DATA FOR PROCESSING Start Marker

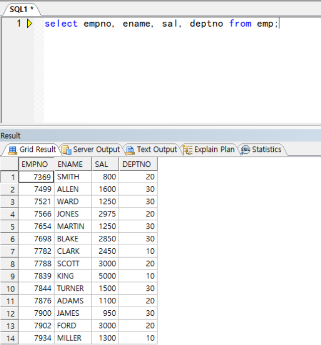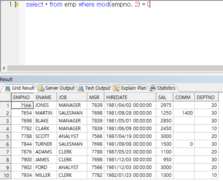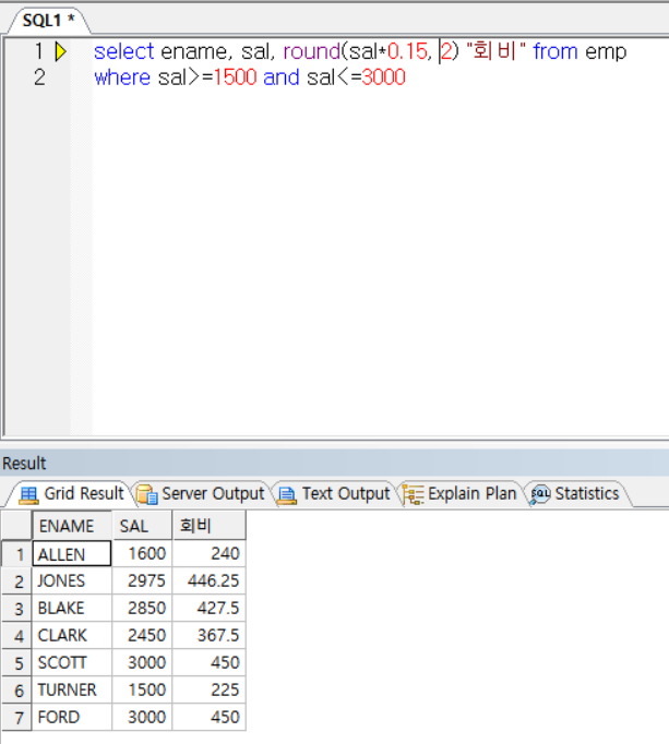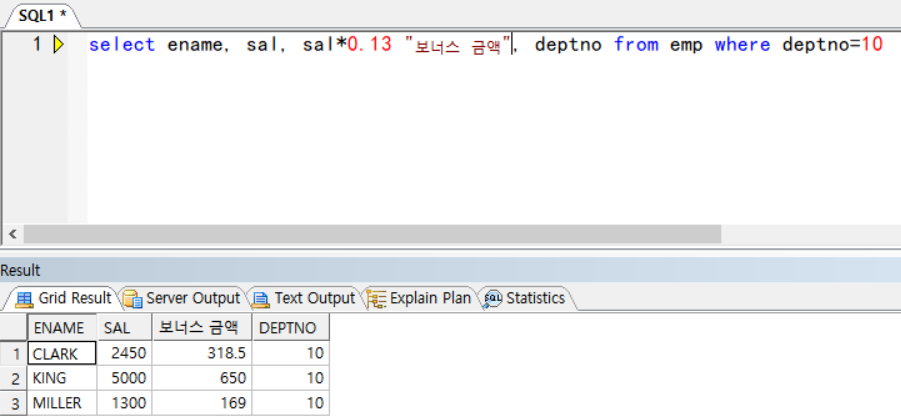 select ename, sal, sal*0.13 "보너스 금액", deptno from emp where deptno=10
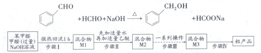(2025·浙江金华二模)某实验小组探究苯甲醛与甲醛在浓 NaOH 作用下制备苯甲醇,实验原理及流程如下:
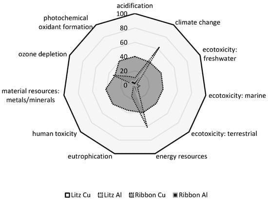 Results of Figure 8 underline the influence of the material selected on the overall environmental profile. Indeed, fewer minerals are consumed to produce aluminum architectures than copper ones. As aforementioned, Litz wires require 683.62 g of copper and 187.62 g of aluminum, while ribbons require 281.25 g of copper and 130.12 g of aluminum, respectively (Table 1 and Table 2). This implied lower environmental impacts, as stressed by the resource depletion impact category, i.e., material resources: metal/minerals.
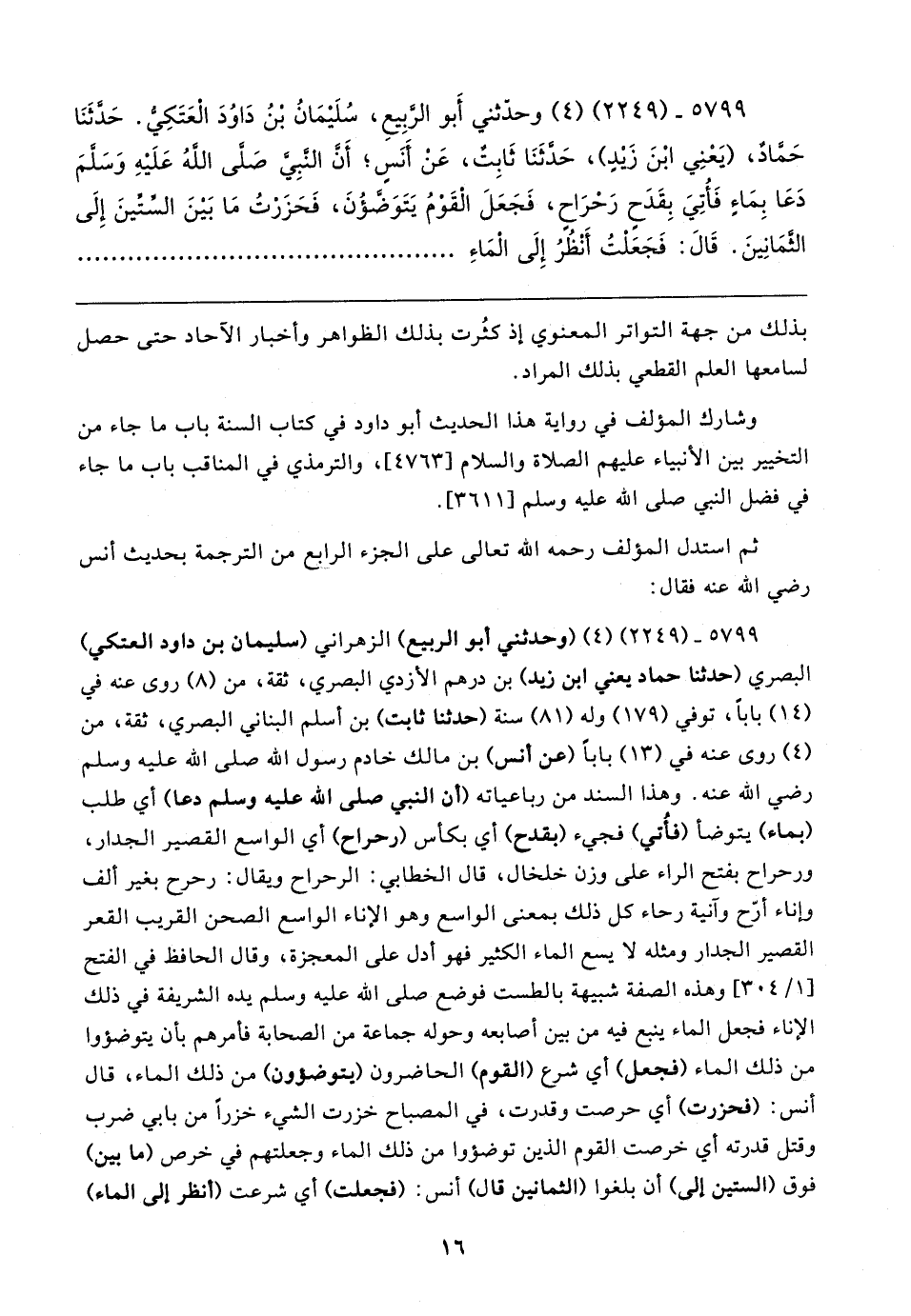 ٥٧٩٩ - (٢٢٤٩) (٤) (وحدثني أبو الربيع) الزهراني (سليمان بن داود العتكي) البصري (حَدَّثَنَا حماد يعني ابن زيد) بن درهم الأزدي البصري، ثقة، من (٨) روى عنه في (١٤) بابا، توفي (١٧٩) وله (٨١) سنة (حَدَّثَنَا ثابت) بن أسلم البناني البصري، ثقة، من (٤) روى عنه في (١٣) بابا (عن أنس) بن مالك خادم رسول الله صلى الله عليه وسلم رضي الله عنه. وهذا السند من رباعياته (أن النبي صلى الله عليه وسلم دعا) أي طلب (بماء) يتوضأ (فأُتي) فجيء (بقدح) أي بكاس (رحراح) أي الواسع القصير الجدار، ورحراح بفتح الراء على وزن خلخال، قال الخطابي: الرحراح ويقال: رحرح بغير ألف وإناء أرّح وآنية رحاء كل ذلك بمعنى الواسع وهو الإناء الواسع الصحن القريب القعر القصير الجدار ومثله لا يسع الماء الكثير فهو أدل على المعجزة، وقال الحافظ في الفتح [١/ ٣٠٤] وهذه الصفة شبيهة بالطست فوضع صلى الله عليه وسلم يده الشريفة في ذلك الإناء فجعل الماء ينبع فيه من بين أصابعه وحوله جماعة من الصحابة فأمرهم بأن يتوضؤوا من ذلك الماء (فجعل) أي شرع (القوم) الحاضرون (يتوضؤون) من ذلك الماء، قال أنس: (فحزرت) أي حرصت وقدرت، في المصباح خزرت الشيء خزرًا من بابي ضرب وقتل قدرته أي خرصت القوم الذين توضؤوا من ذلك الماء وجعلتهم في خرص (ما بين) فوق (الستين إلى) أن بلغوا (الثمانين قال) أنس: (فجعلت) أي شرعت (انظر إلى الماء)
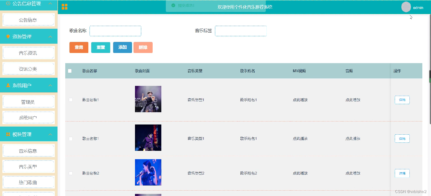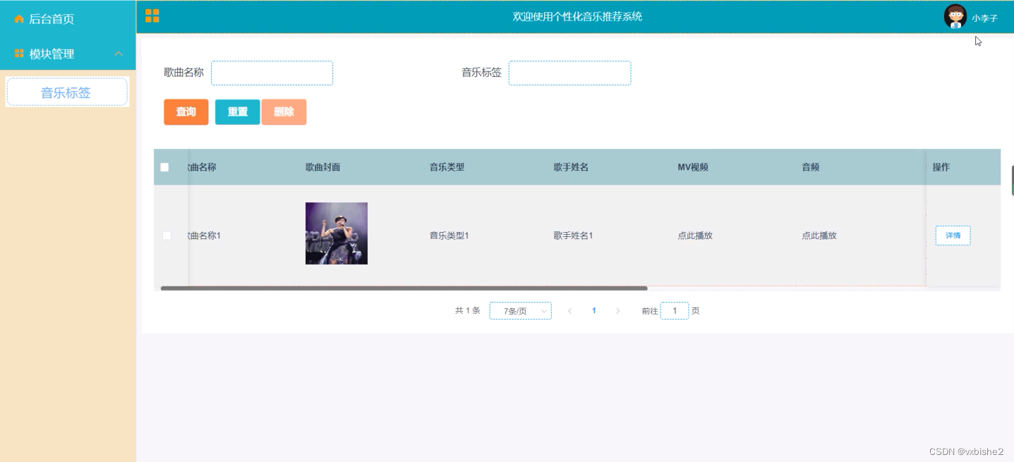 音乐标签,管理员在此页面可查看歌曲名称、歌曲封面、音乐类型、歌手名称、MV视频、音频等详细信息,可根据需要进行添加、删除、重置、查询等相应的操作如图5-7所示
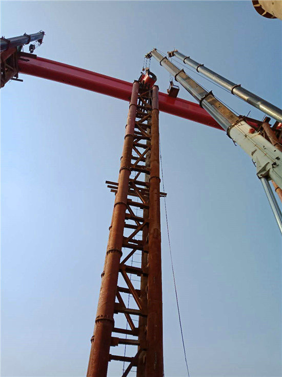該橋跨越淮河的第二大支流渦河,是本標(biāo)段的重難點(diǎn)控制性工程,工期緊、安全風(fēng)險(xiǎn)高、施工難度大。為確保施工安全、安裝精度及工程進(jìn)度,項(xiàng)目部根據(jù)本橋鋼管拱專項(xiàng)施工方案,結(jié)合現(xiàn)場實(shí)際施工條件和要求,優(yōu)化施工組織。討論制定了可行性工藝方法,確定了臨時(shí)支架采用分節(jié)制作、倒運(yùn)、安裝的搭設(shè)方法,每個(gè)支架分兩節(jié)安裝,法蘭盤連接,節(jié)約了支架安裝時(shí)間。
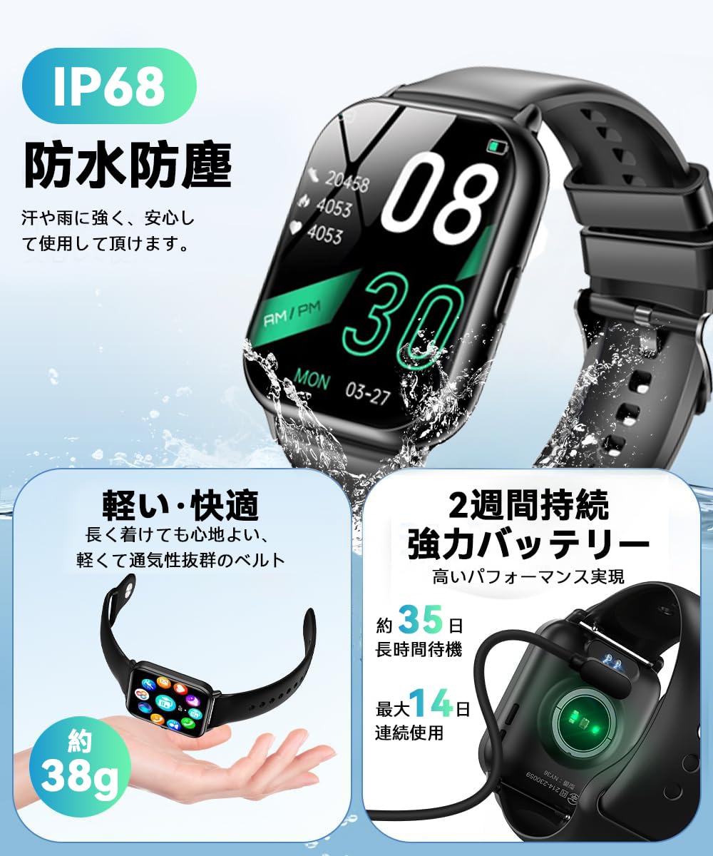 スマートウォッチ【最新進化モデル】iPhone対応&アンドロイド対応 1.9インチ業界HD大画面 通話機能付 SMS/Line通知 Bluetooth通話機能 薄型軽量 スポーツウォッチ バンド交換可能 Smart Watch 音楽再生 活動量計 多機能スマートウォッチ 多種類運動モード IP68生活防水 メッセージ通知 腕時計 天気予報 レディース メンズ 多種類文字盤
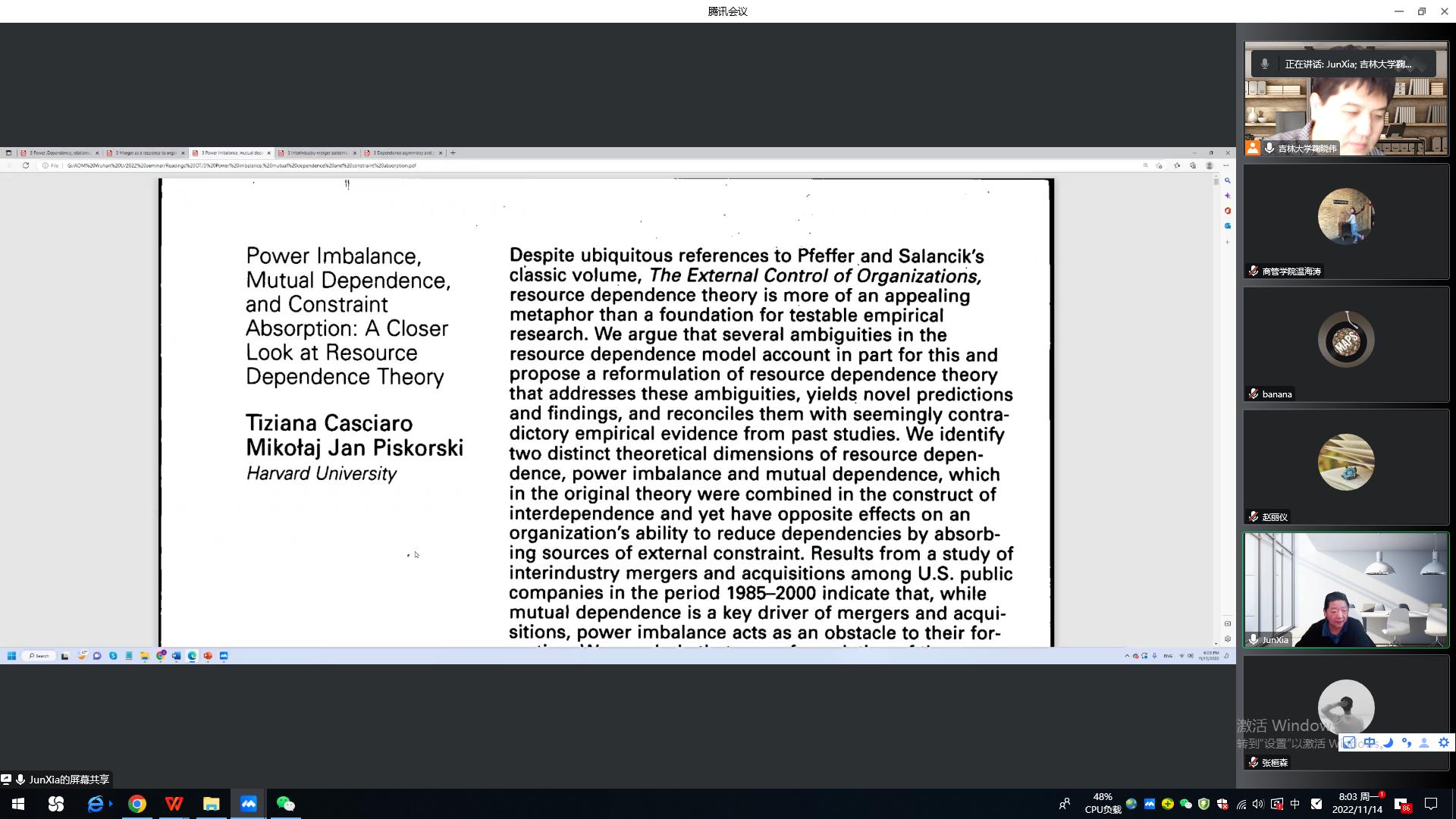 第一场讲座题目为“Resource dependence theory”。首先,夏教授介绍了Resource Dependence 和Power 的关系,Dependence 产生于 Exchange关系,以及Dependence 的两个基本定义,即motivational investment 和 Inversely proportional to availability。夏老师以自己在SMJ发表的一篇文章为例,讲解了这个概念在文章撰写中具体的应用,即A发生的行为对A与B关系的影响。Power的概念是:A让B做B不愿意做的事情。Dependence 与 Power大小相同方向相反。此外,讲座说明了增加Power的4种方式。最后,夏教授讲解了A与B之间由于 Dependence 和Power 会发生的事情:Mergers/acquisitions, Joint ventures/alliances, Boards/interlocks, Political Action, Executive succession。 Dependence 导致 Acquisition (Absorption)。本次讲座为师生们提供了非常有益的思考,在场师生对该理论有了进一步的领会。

DATA FOR PROCESSING End Marker

WHAT IS BEING ASKED
Each entry above must be restated word for word; the pictures stay out of the copy.

WRITTEN RESPONSE
 select ename, sal, sal*0.13 "보너스 금액", deptno from emp where deptno=10
(2025·浙江金华二模)某实验小组探究苯甲醛与甲醛在浓 NaOH 作用下制备苯甲醇,实验原理及流程如下:
 Results of Figure 8 underline the influence of the material selected on the overall environmental profile. Indeed, fewer minerals are consumed to produce aluminum architectures than copper ones. As aforementioned, Litz wires require 683.62 g of copper and 187.62 g of aluminum, while ribbons require 281.25 g of copper and 130.12 g of aluminum, respectively (Table 1 and Table 2). This implied lower environmental impacts, as stressed by the resource depletion impact category, i.e., material resources: metal/minerals.
 ٥٧٩٩ - (٢٢٤٩) (٤) (وحدثني أبو الربيع) الزهراني (سليمان بن داود العتكي) البصري (حَدَّثَنَا حماد يعني ابن زيد) بن درهم الأزدي البصري، ثقة، من (٨) روى عنه في (١٤) بابا، توفي (١٧٩) وله (٨١) سنة (حَدَّثَنَا ثابت) بن أسلم البناني البصري، ثقة، من (٤) روى عنه في (١٣) بابا (عن أنس) بن مالك خادم رسول الله صلى الله عليه وسلم رضي الله عنه. وهذا السند من رباعياته (أن النبي صلى الله عليه وسلم دعا) أي طلب (بماء) يتوضأ (فأُتي) فجيء (بقدح) أي بكاس (رحراح) أي الواسع القصير الجدار، ورحراح بفتح الراء على وزن خلخال، قال الخطابي: الرحراح ويقال: رحرح بغير ألف وإناء أرّح وآنية رحاء كل ذلك بمعنى الواسع وهو الإناء الواسع الصحن القريب القعر القصير الجدار ومثله لا يسع الماء الكثير فهو أدل على المعجزة، وقال الحافظ في الفتح [١/ ٣٠٤] وهذه الصفة شبيهة بالطست فوضع صلى الله عليه وسلم يده الشريفة في ذلك الإناء فجعل الماء ينبع فيه من بين أصابعه وحوله جماعة من الصحابة فأمرهم بأن يتوضؤوا من ذلك الماء (فجعل) أي شرع (القوم) الحاضرون (يتوضؤون) من ذلك الماء، قال أنس: (فحزرت) أي حرصت وقدرت، في المصباح خزرت الشيء خزرًا من بابي ضرب وقتل قدرته أي خرصت القوم الذين توضؤوا من ذلك الماء وجعلتهم في خرص (ما بين) فوق (الستين إلى) أن بلغوا (الثمانين قال) أنس: (فجعلت) أي شرعت (انظر إلى الماء)
 音乐标签,管理员在此页面可查看歌曲名称、歌曲封面、音乐类型、歌手名称、MV视频、音频等详细信息,可根据需要进行添加、删除、重置、查询等相应的操作如图5-7所示
該橋跨越淮河的第二大支流渦河,是本標(biāo)段的重難點(diǎn)控制性工程,工期緊、安全風(fēng)險(xiǎn)高、施工難度大。為確保施工安全、安裝精度及工程進(jìn)度,項(xiàng)目部根據(jù)本橋鋼管拱專項(xiàng)施工方案,結(jié)合現(xiàn)場實(shí)際施工條件和要求,優(yōu)化施工組織。討論制定了可行性工藝方法,確定了臨時(shí)支架采用分節(jié)制作、倒運(yùn)、安裝的搭設(shè)方法,每個(gè)支架分兩節(jié)安裝,法蘭盤連接,節(jié)約了支架安裝時(shí)間。
 スマートウォッチ【最新進化モデル】iPhone対応&アンドロイド対応 1.9インチ業界HD大画面 通話機能付 SMS/Line通知 Bluetooth通話機能 薄型軽量 スポーツウォッチ バンド交換可能 Smart Watch 音楽再生 活動量計 多機能スマートウォッチ 多種類運動モード IP68生活防水 メッセージ通知 腕時計 天気予報 レディース メンズ 多種類文字盤
 第一场讲座题目为“Resource dependence theory”。首先,夏教授介绍了Resource Dependence 和Power 的关系,Dependence 产生于 Exchange关系,以及Dependence 的两个基本定义,即motivational investment 和 Inversely proportional to availability。夏老师以自己在SMJ发表的一篇文章为例,讲解了这个概念在文章撰写中具体的应用,即A发生的行为对A与B关系的影响。Power的概念是:A让B做B不愿意做的事情。Dependence 与 Power大小相同方向相反。此外,讲座说明了增加Power的4种方式。最后,夏教授讲解了A与B之间由于 Dependence 和Power 会发生的事情:Mergers/acquisitions, Joint ventures/alliances, Boards/interlocks, Political Action, Executive succession。 Dependence 导致 Acquisition (Absorption)。本次讲座为师生们提供了非常有益的思考,在场师生对该理论有了进一步的领会。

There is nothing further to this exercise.